A sub-1V, microwatt power-consumption iontronic pressure sensor based on organic electrochemical transistors

Abstract

Wearable and implantable pressure sensors are in great demand for personalized health monitoring. Pressure sensors with low operation voltage and low power-consumption are desired for energy-saving devices. Organic iontronic devices, such as organic electrochemical transistors (OECTs), have demonstrated great potential for low power-consumption bioelectronic sensing applications. The ability to conduct both electrons and ions, in addition to their low-operation voltage has enabled the widespread use of OECTs in different biosensing fields. However, despite these merits, OECTs have not been demonstrated for pressure sensing applications. This is because most OECTs are gated with aqueous electrolyte, which fails to respond to external pressure. Here, a low power-consumption iontronic pressure sensor is presented based on an OECT, in which an ionic hydrogel is used as a solid gating medium. The resultant iontronic device operated at voltages less than 1 V, with a power-consumption between ~ 10¹-10³ μW, while maintaining a tunable sensitivity between 1 ~ 10 kPa⁻¹. This work places OECTs on the frontline for developing low power-consumption iontronic pressure sensors and for biosensing applications.

I. Introduction

WEARABLE and implantable biosensors have gained increased attention throughout the past decade due to their potential applications in personalized healthcare monitoring [1]-[5]. Pressure sensors are used to monitor human motion and vital health signals such as heartbeat or muscle actuation. For practical wearable sensing applications, a decrease in the operation voltage and power-consumption of pressure sensors is desired for their long-term deployment on the human body.

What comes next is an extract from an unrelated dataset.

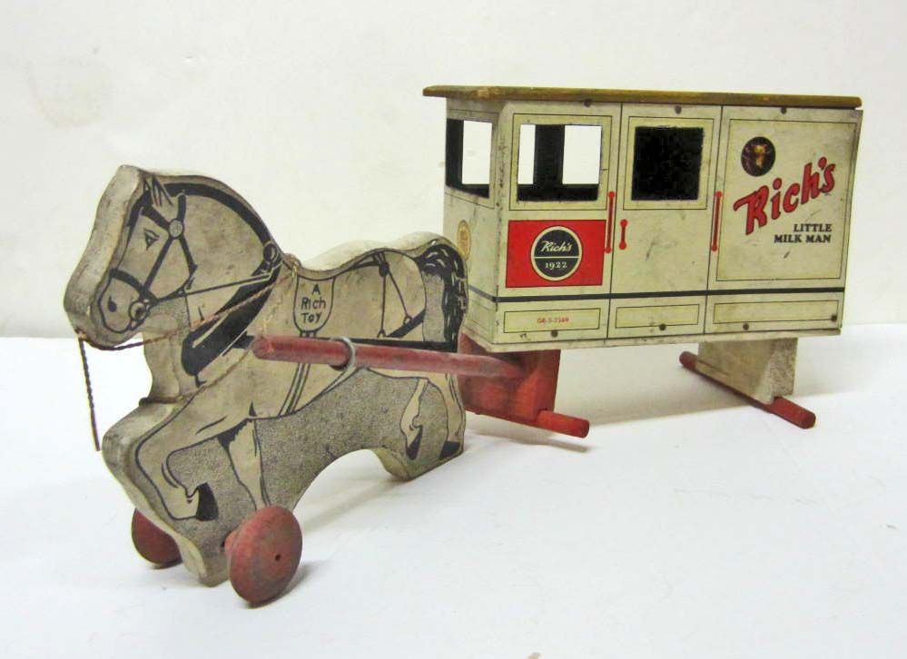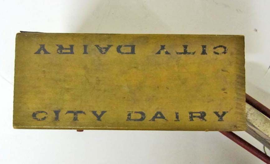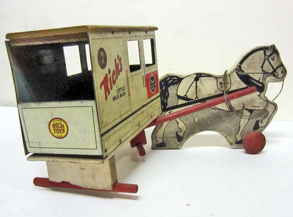21" long made of wood and tin litho. Wagon is missing all 4 wheels. Tin lithograph wagon has some wear and scratches. Tailgate moves up and down.

Iontronic devices, which conduct both electrons and ions, recently emerged as advanced bioelectronic technologies at the biotic/abiotic interface [6]-[9]. Organic electrochemical transistors (OECTs) represent a typical iontronic device, which combines the merits of electrochemistry and transistors [7], [10]-[15]. Compared to conventional solid-state organic field-effect transistors, electrolyte-gated OECTs operate at much lower voltages (<1 V) and with lower power-consumption. Besides, OECTs yield a much larger transconductance (~mS) [16], [17] due to their bulk-modulation ability. Despite these merits, OECTs have rarely been developed as pressure sensors because they are often gated with an aqueous electrolyte, making it difficult to respond to external pressures [14]. We have previously reported that an ionic hydrogel can be used as a solid gating medium to develop stretchable OECTs [18].

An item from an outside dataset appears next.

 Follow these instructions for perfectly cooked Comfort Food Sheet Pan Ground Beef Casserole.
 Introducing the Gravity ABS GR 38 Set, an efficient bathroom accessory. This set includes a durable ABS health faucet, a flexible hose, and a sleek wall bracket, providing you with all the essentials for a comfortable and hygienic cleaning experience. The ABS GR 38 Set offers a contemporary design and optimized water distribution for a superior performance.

In this letter, we demonstrate an OECT-based iontronic pressure sensor in which a microstructured ionic hydrogel was used as the solid electrolyte. Upon applying an external pressure at the gate electrode, the microstructured hydrogel deforms and changes the capacitance at the hydrogel/gate interface, ultimately changing the number of ions that are delivered to the channel. In this way, an amplified pressure signal can be obtained by measuring the output current of the OECT. With this approach, our pressure sensor was able to detect a subtle pressure of 20 Pa. Furthermore, because OECTs operate at much lower voltages (0-1 V) due to the high capacitive nature of the electrical double layer (EDL), our sensors operated with a low power-consumption between 10-1000 μW. The low-voltage operation (<1 V) allows the sensor to work directly in aqueous environments without causing electrolysis. Additionally, low power-consumption is favorable for increasing the operational time of the sensor and reducing the overall demand on power supplies. These two advantages make the presented OECT pressure sensor a competitive candidate for wearable and implantable biosensing applications.

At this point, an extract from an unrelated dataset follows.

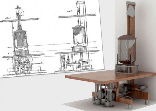 Bản vẽ và mô hình thang máy của Otis Tuft.

II. Results and Discussion

The structure of a conventional OECT is illustrated in Fig. 1(a). Conducting polymer poly (3,4-ethylenedioxythiophene) doped with poly (styrene sulfonate) (PEDOT:PSS) was employed as the channel material. Once a positive (negative) gate voltage (V_gs) is applied, the cations (anions) in the electrolyte are electrostatically repulsed into the conducting polymer, along with an electrochemical dedoping process in the channel. The dedoping process decreases the conductivity of the PEDOT:PSS channel, while the doping process increases the conductivity. Therefore, in PEDOT:PSS OECTs, a small change in V_gs leads to a larger change in source-drain current (I_d) due to the amplification effect of the OECT. It is worth mentioning that OECTs exhibit superior transconductance (ΔI_d/V_gs) over other kinds of transistors due to their bulk doping ability (capacitance per volume) [19].

Fig. 1.

(a) Schematic diagram of the device structure of an OECT; (b) Equivalent circuits in an OECT. C_G refers to the capacitance of EDL₁ (electrolyte/gate), C_CH refers to capacitance of EDL₂ (electrolyte/channel), R_E refers to the resistance between gate electrolyte and channel; (c-d) Schematic diagram of the proposed microstructured hydrogel-gated OECT iontronic pressure sensor. The deformation of the hydrogel determines the number of ions delivered into the channel; (e) V_g and V_sol change after application of external pressure on the gate electrode; (f) Scanning electron microscopy (SEM) image of gelatin methacryloyl (GelMA) hydrogel with pyramidical microstructures on the surface, the scale bar is 1 mm. The height and base length of the pyramids are both 1 mm, and the spacing is 0.8 mm. Cetyltrimethylammonium bromide (CTAB) (0.01 M) was added into the hydrogel as the electrolyte. (g) A real optical image of the OECT iontronic pressure sensor. The scale bar is 10 mm, the channel length is 500 μm, the channel width is 20 mm, the thickness of the hydrogel is about 2 mm. The Young’s modulus of the GelMA hydrogel is 15.9 kPa (water content of 80%).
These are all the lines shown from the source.